§ EXERCISE AIM: Could you print the stretch of lines below from the one with "Oversized fit |" through the one with "- First make", exactly as they stand and without any pictures?

§ EXERCISE MATERIAL:
____
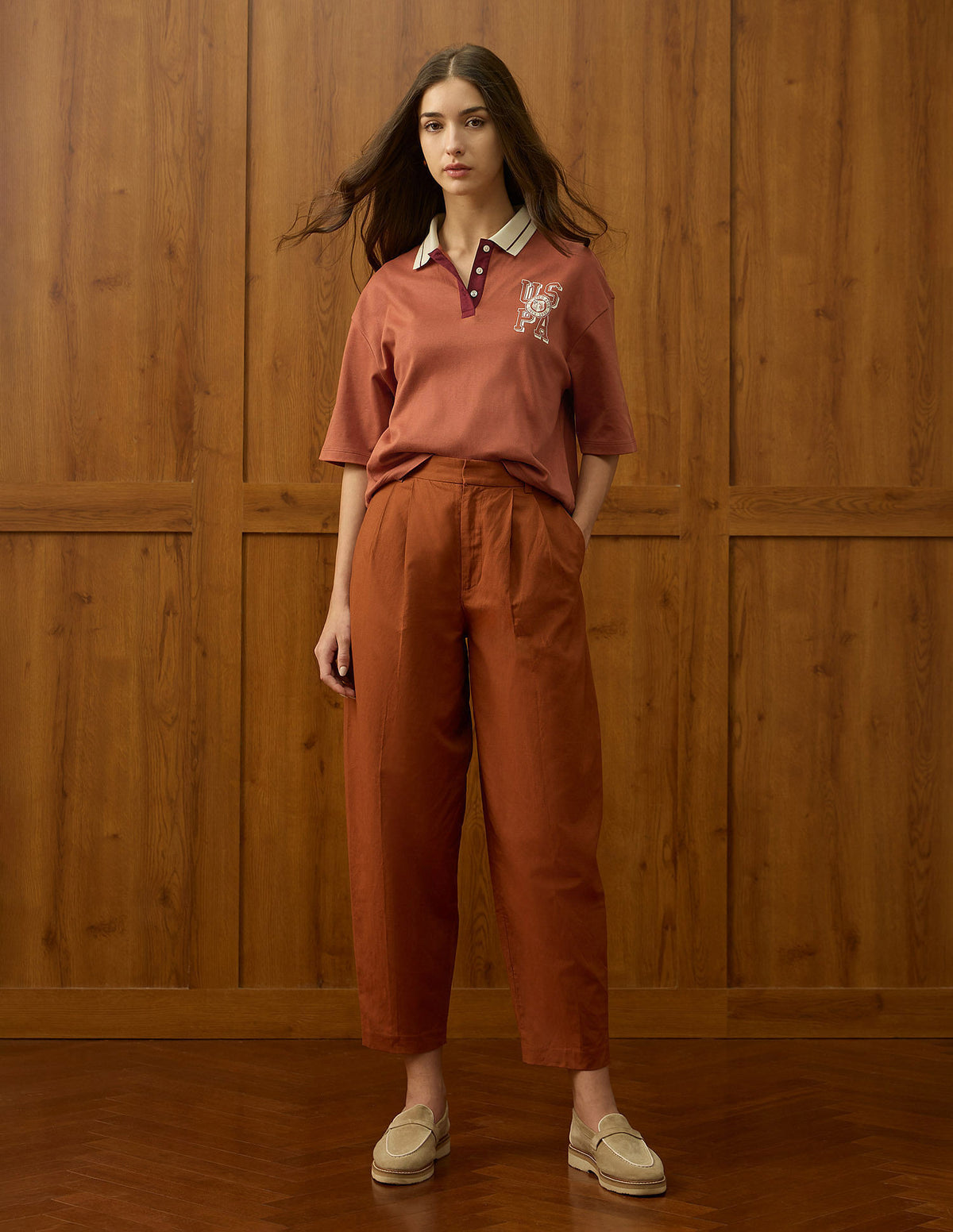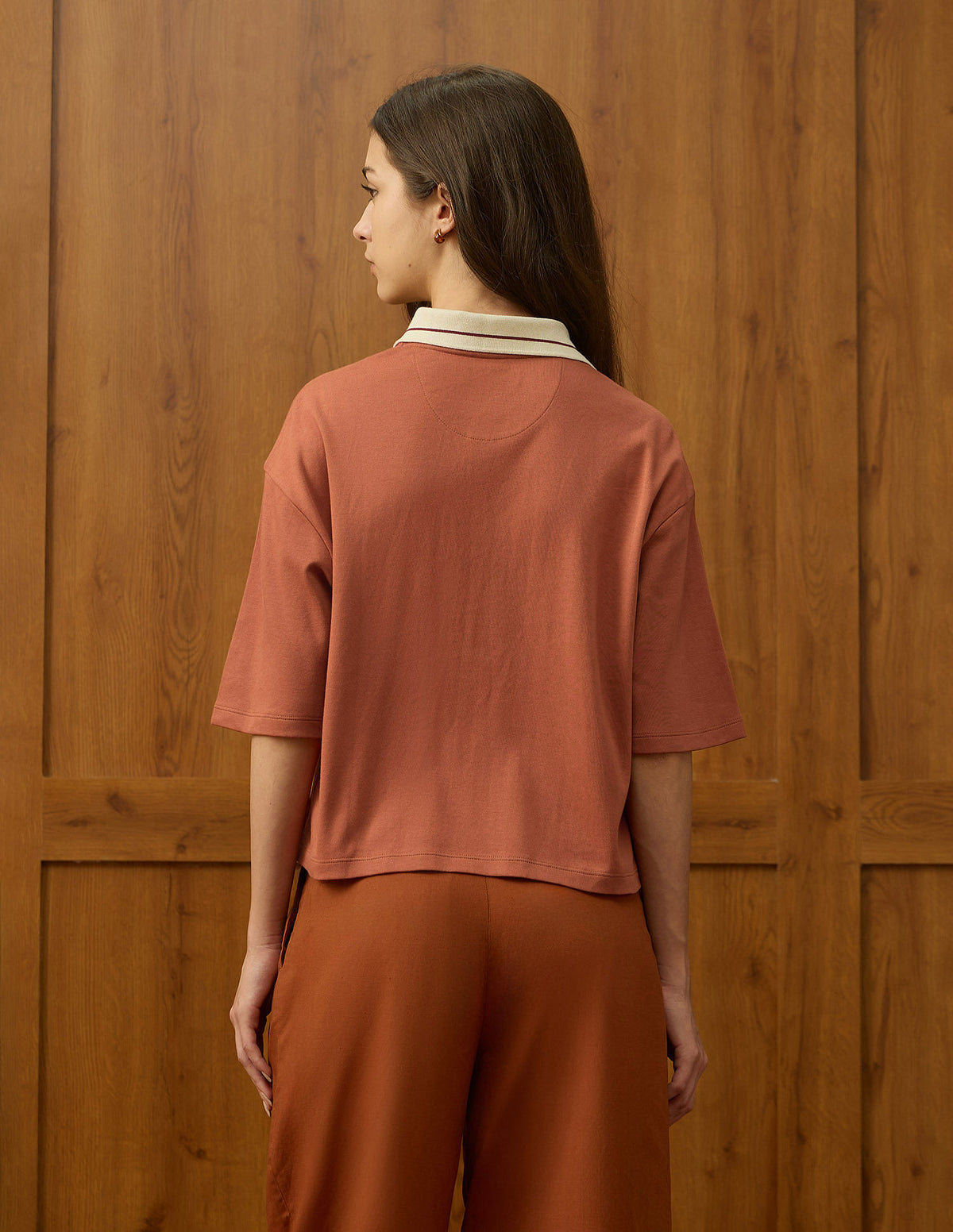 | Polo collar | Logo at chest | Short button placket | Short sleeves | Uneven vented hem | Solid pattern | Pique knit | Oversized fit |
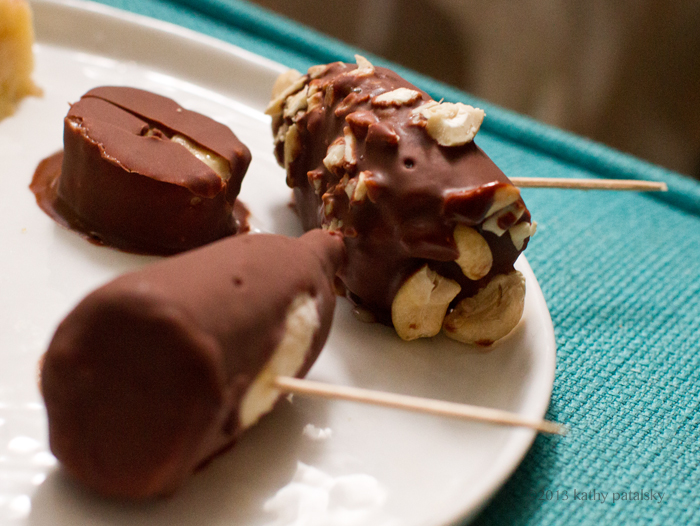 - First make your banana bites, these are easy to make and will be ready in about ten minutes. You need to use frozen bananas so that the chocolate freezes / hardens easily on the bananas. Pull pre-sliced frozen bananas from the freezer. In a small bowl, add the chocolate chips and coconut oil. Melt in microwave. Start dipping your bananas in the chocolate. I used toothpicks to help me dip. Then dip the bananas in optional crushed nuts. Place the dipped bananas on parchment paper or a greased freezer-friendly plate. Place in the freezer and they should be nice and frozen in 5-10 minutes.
____
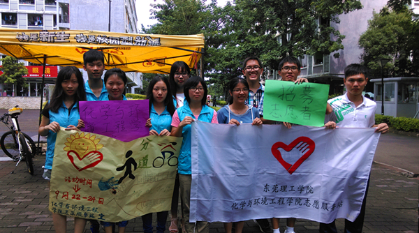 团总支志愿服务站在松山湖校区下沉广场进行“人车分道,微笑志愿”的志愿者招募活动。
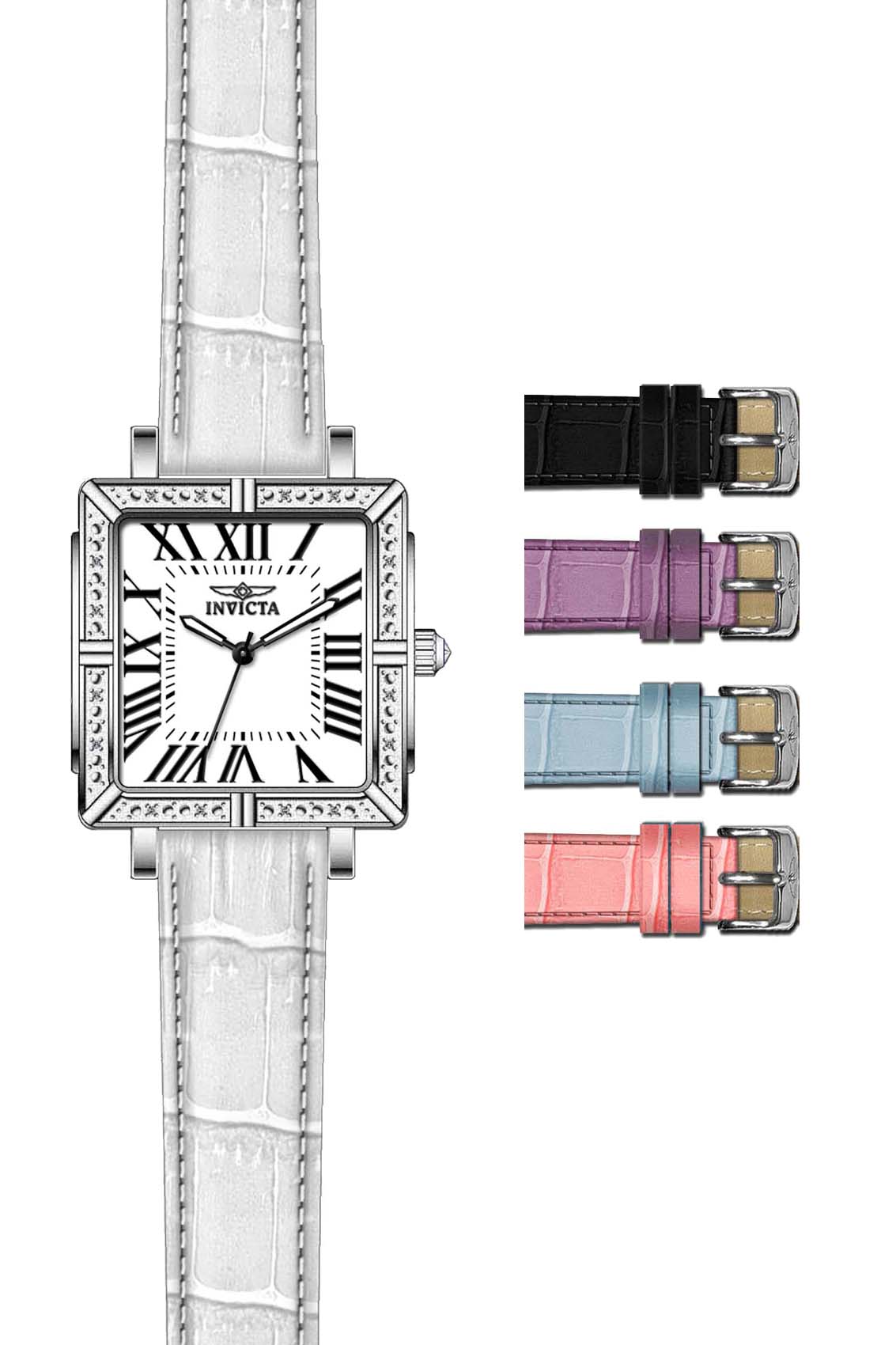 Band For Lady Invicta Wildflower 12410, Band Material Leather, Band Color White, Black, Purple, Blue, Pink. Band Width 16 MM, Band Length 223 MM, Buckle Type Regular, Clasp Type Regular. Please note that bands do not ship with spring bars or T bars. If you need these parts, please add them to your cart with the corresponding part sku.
____
§ RESPONSE BOX:
 | Polo collar | Logo at chest | Short button placket | Short sleeves | Uneven vented hem | Solid pattern | Pique knit | Oversized fit |
 - First make your banana bites, these are easy to make and will be ready in about ten minutes. You need to use frozen bananas so that the chocolate freezes / hardens easily on the bananas. Pull pre-sliced frozen bananas from the freezer. In a small bowl, add the chocolate chips and coconut oil. Melt in microwave. Start dipping your bananas in the chocolate. I used toothpicks to help me dip. Then dip the bananas in optional crushed nuts. Place the dipped bananas on parchment paper or a greased freezer-friendly plate. Place in the freezer and they should be nice and frozen in 5-10 minutes.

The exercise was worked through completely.